--- START ---

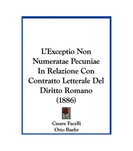 Cesare Facelli - L'Exceptio Non Numeratae Pecuniae In Relazione Con Contratto Letterale Del Diritto Romano (1886)
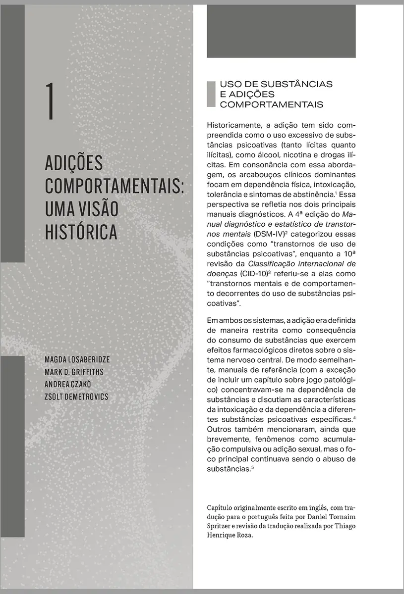 Esta obra é a primeira referência brasileira abrangente sobre adições tecnológicas e outras adições comportamentais, tema emergente que preocupa profissionais da saúde, educadores e famílias. O livro aborda transtornos contemporâneos relacionados a comportamentos impulsivos e compulsivos vinculados, entre outros, a compras, videogames, smartphones, mídias sociais e pornografia, um fenômeno cujo impacto vêm crescendo com o avanço tecnológico. Os capítulos trazem ao leitor desde conhecimentos básicos até informações para aprofundamento clínico a partir de análise científica rigorosa conduzida por especialistas brasileiros e estrangeiros.
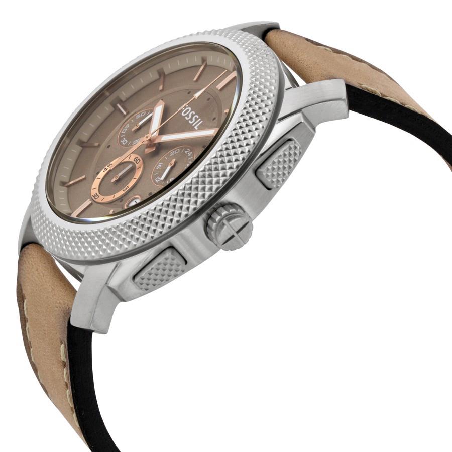ساعت مچی مردانه/پسرانه فسیلFOSSIL با طراحی اسپرت بند چرم کرم رنگ با قاب گرد با صفحه کرم و موتور با کاربرد تقویم و کرنوگراف به همراه دو سال گارانتی بین المللی شرکت آرمان گالری ساعت مچی مردانه فسیل | FOSSIL | FS5192
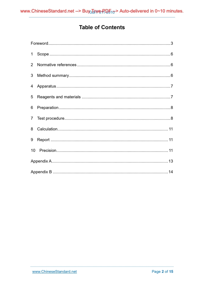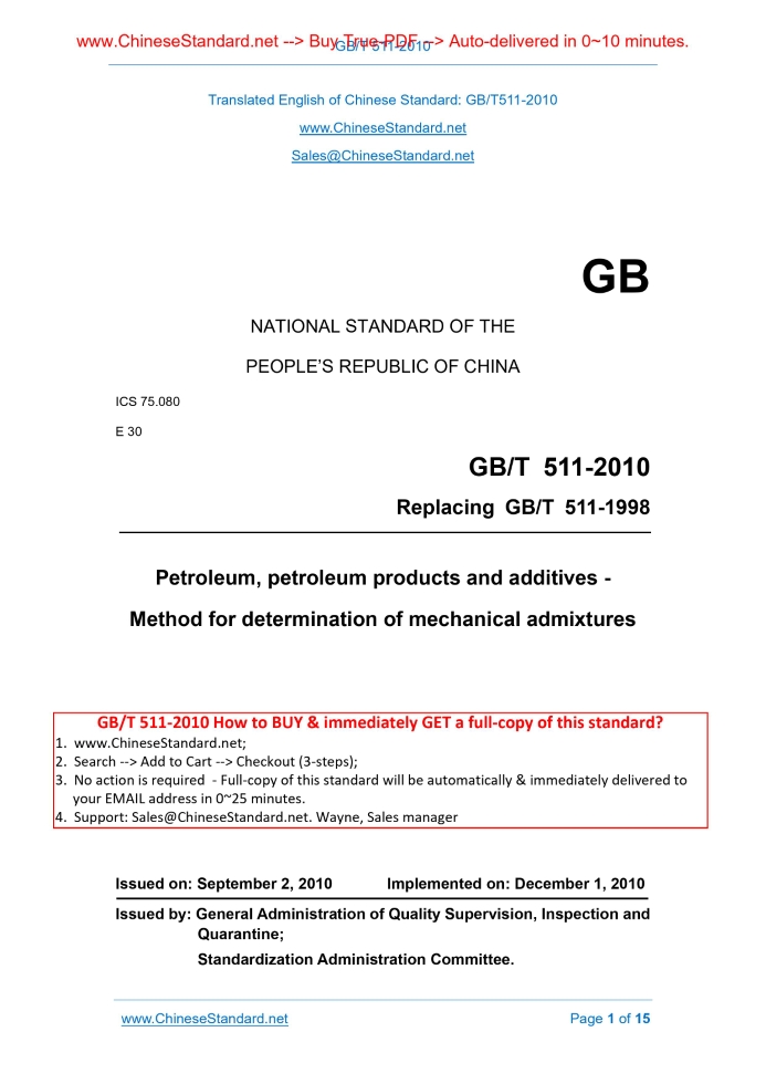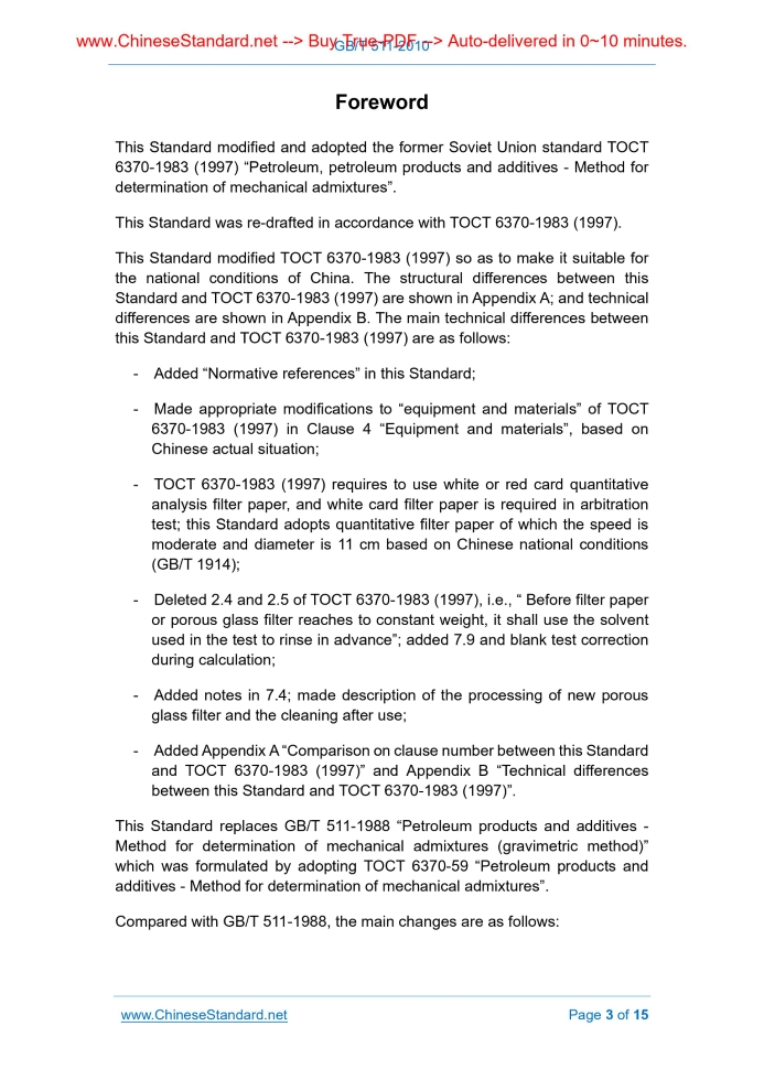 GB/T 511-2010: Petroleum, petroleum products and additives -- Method for determination of mechanical admixtures---This is an excerpt. Full copy of true-PDF in English version (including equations, symbols, images, flow-chart, tables, and figures etc.), auto-downloaded/delivered in 9 seconds, can be purchased online: https://www.ChineseStandard.net/PDF.aspx/GBT511-2010 GB NATIONAL STANDARD OF THE PEOPLE’S REPUBLIC OF CHINA ICS 75.080 E 30 Replacing GB/T 511-1998 Petroleum, petroleum products and additives - Method for determination of mechanical admixtures Issued on. SEPTEMBER 2, 2010 Implemented on. DECEMBER 1, 2010 Issued by. General Administration of Quality Supervision, Inspection and Quarantine; Standardization Administration Committee. Table of ContentsForeword... 3 1 Scope... 6 2 Normative references... 6 3 Method summary... 6 4 Apparatus... 7 5 Reagents and materials... 7 6 Preparation... 8 7 Test procedure... 8 8 Calculation... 11 9 Report... 11 10 Precision... 11 Appendix A... 13 Appendix B... 14ForewordThis Standard modified and adopted the former Soviet Union standard TOCT 6370-1983 (1997) “Petroleum, petroleum products and additives - Method for determination of mechanical admixtures”. This Standard was re-drafted in accordance with TOCT 6370-1983 (1997). This Standard modified TOCT 6370-1983 (1997) so as to make it suitable for the national conditions of China. The structural differences between this Standard and TOCT 6370-1983 (1997) are shown in Appendix A; and technical differences are shown in Appendix B. The main technical differences between this Standard and TOCT 6370-1983 (1997) are as follows. - Added “Normative references” in this Standard; - Made appropriate modifications to “equipment and materials” of TOCT 6370-1983 (1997) in Clause 4 “Equipment and materials”, based on Chinese actual situation; - TOCT 6370-1983 (1997) requires to use white or red card quantitative analysis filter paper, and white card filter paper is required in arbitration test; this Standard adopts quantitative filter paper of which the speed is moderate and diameter is 11 cm based on Chinese national conditions (GB/T 1914); - Deleted 2.4 and 2.5 of TOCT 6370-1983 (1997), i.e., “ Before filter paper or porous glass filter reaches to constant weight, it shall use the solvent used in the test to rinse in advance”; added 7.9 and blank test correction during calculation; - Added notes in 7.4; made description of the processing of new porous glass filter and the cleaning after use; - Added Appendix A “Comparison on clause number between this Standard and TOCT 6370-1983 (1997)” and Appendix B “Technical differences between this Standard and TOCT 6370-1983 (1997)”. This Standard replaces GB/T 511-1988 “Petroleum products and additives - Method for determination of mechanical admixtures (gravimetric method)” which was formulated by adopting TOCT 6370-59 “Petroleum products and additives - Method for determination of mechanical admixtures”. Compared with GB/T 511-1988, the main changes are as follows. - The name of this Standard was modified as “Petroleum, petroleum products and additives - Method for determination of mechanical admixtures”; - The application was modified as. petroleum, liquid petroleum products and additives; not applicable to lubricating grease and asphalt; - Modified porous glass filter specifications in this Standard based on TOCT 6370-1983 (1997); - In reagents, benzene was replaced by toluene, and ethanol-benzene mixed solvent (1.4) was replaced by ethanol- toluene mixed solvent (1.4); - For constant weight paper or porous glass filter, the oven temperature was modified from 105°C~110°C to 105°C±2°C; and the first drying time was modified from “not less than 1h” to “not less than 45 min”; - During preparation, this Standard deleted “when using filter paper, when using ethanol-benzene mixture or ethanol-ether mixture to continue rinsing in the test instead of distilled water, it shall use 50 mL of above- mentioned solvents to rinse the filter paper”; added the calculation of blank test correction in calculation equation; - Dilution ratio of sampling volume and solvent in this Standard was modified based on TOCT 6370-1983 (1997); - Solvent for rinsing in test procedures was modified based on TOCT 6370- 1983 (1997); - During determination of mechanical admixtures in petroleum, this Standard added “use silver nitrate solution to inspect chloride in filtrate”; - Precision was modified according to TOCT 6370-1983 (1997); requirements for repeatability is stricter; added reproducibility. Appendix A and Appendix B of this Standard are informative. This Standard was proposed by National Standardization Technical Committee on Petroleum Products and Lubricants. This Standard shall be under the jurisdiction of Petroleum Fuels and Lubricants Technical Committee of National Standardization Technical Committee on Petroleum Products and Lubricants. The drafting organization of this Standard. North-China Institute of China Petrochemical Sales Co., Ltd. Drafter of this Standard. Chen Chunhui. This Standard replaces the following previous standards. - GB/T 511-1965, GB/T 511-1977, GB/T 511-1988. Petroleum, petroleum products and additives - Method for determination of mechanical admixtures1 ScopeThis Standard specifies the method for determination of mechanical admixtures in petroleum, petroleum products and additives by using constant weight quantitative filter paper or porous glass filter to filter the sample. This Standard is applicable to determination of mechanical admixtures in petroleum, petroleum products and additives. This Standard is not applicable to lubricating grease and asphalt.2 Normative referencesThe following standards contain the provisions which, through reference in this Standard, constitute the provisions of this Standard. For dated references, subsequent amendments (excluding corrections) or revisions do not app

--- END ---

* Prompt *
Every word of the data should be reproduced exactly; please omit any pictures.

* Written answer *
 Cesare Facelli - L'Exceptio Non Numeratae Pecuniae In Relazione Con Contratto Letterale Del Diritto Romano (1886)
 Esta obra é a primeira referência brasileira abrangente sobre adições tecnológicas e outras adições comportamentais, tema emergente que preocupa profissionais da saúde, educadores e famílias. O livro aborda transtornos contemporâneos relacionados a comportamentos impulsivos e compulsivos vinculados, entre outros, a compras, videogames, smartphones, mídias sociais e pornografia, um fenômeno cujo impacto vêm crescendo com o avanço tecnológico. Os capítulos trazem ao leitor desde conhecimentos básicos até informações para aprofundamento clínico a partir de análise científica rigorosa conduzida por especialistas brasileiros e estrangeiros.
ساعت مچی مردانه/پسرانه فسیلFOSSIL با طراحی اسپرت بند چرم کرم رنگ با قاب گرد با صفحه کرم و موتور با کاربرد تقویم و کرنوگراف به همراه دو سال گارانتی بین المللی شرکت آرمان گالری ساعت مچی مردانه فسیل | FOSSIL | FS5192
 GB/T 511-2010: Petroleum, petroleum products and additives -- Method for determination of mechanical admixtures---This is an excerpt. Full copy of true-PDF in English version (including equations, symbols, images, flow-chart, tables, and figures etc.), auto-downloaded/delivered in 9 seconds, can be purchased online: https://www.ChineseStandard.net/PDF.aspx/GBT511-2010 GB NATIONAL STANDARD OF THE PEOPLE’S REPUBLIC OF CHINA ICS 75.080 E 30 Replacing GB/T 511-1998 Petroleum, petroleum products and additives - Method for determination of mechanical admixtures Issued on. SEPTEMBER 2, 2010 Implemented on. DECEMBER 1, 2010 Issued by. General Administration of Quality Supervision, Inspection and Quarantine; Standardization Administration Committee. Table of ContentsForeword... 3 1 Scope... 6 2 Normative references... 6 3 Method summary... 6 4 Apparatus... 7 5 Reagents and materials... 7 6 Preparation... 8 7 Test procedure... 8 8 Calculation... 11 9 Report... 11 10 Precision... 11 Appendix A... 13 Appendix B... 14ForewordThis Standard modified and adopted the former Soviet Union standard TOCT 6370-1983 (1997) “Petroleum, petroleum products and additives - Method for determination of mechanical admixtures”. This Standard was re-drafted in accordance with TOCT 6370-1983 (1997). This Standard modified TOCT 6370-1983 (1997) so as to make it suitable for the national conditions of China. The structural differences between this Standard and TOCT 6370-1983 (1997) are shown in Appendix A; and technical differences are shown in Appendix B. The main technical differences between this Standard and TOCT 6370-1983 (1997) are as follows. - Added “Normative references” in this Standard; - Made appropriate modifications to “equipment and materials” of TOCT 6370-1983 (1997) in Clause 4 “Equipment and materials”, based on Chinese actual situation; - TOCT 6370-1983 (1997) requires to use white or red card quantitative analysis filter paper, and white card filter paper is required in arbitration test; this Standard adopts quantitative filter paper of which the speed is moderate and diameter is 11 cm based on Chinese national conditions (GB/T 1914); - Deleted 2.4 and 2.5 of TOCT 6370-1983 (1997), i.e., “ Before filter paper or porous glass filter reaches to constant weight, it shall use the solvent used in the test to rinse in advance”; added 7.9 and blank test correction during calculation; - Added notes in 7.4; made description of the processing of new porous glass filter and the cleaning after use; - Added Appendix A “Comparison on clause number between this Standard and TOCT 6370-1983 (1997)” and Appendix B “Technical differences between this Standard and TOCT 6370-1983 (1997)”. This Standard replaces GB/T 511-1988 “Petroleum products and additives - Method for determination of mechanical admixtures (gravimetric method)” which was formulated by adopting TOCT 6370-59 “Petroleum products and additives - Method for determination of mechanical admixtures”. Compared with GB/T 511-1988, the main changes are as follows. - The name of this Standard was modified as “Petroleum, petroleum products and additives - Method for determination of mechanical admixtures”; - The application was modified as. petroleum, liquid petroleum products and additives; not applicable to lubricating grease and asphalt; - Modified porous glass filter specifications in this Standard based on TOCT 6370-1983 (1997); - In reagents, benzene was replaced by toluene, and ethanol-benzene mixed solvent (1.4) was replaced by ethanol- toluene mixed solvent (1.4); - For constant weight paper or porous glass filter, the oven temperature was modified from 105°C~110°C to 105°C±2°C; and the first drying time was modified from “not less than 1h” to “not less than 45 min”; - During preparation, this Standard deleted “when using filter paper, when using ethanol-benzene mixture or ethanol-ether mixture to continue rinsing in the test instead of distilled water, it shall use 50 mL of above- mentioned solvents to rinse the filter paper”; added the calculation of blank test correction in calculation equation; - Dilution ratio of sampling volume and solvent in this Standard was modified based on TOCT 6370-1983 (1997); - Solvent for rinsing in test procedures was modified based on TOCT 6370- 1983 (1997); - During determination of mechanical admixtures in petroleum, this Standard added “use silver nitrate solution to inspect chloride in filtrate”; - Precision was modified according to TOCT 6370-1983 (1997); requirements for repeatability is stricter; added reproducibility. Appendix A and Appendix B of this Standard are informative. This Standard was proposed by National Standardization Technical Committee on Petroleum Products and Lubricants. This Standard shall be under the jurisdiction of Petroleum Fuels and Lubricants Technical Committee of National Standardization Technical Committee on Petroleum Products and Lubricants. The drafting organization of this Standard. North-China Institute of China Petrochemical Sales Co., Ltd. Drafter of this Standard. Chen Chunhui. This Standard replaces the following previous standards. - GB/T 511-1965, GB/T 511-1977, GB/T 511-1988. Petroleum, petroleum products and additives - Method for determination of mechanical admixtures1 ScopeThis Standard specifies the method for determination of mechanical admixtures in petroleum, petroleum products and additives by using constant weight quantitative filter paper or porous glass filter to filter the sample. This Standard is applicable to determination of mechanical admixtures in petroleum, petroleum products and additives. This Standard is not applicable to lubricating grease and asphalt.2 Normative referencesThe following standards contain the provisions which, through reference in this Standard, constitute the provisions of this Standard. For dated references, subsequent amendments (excluding corrections) or revisions do not app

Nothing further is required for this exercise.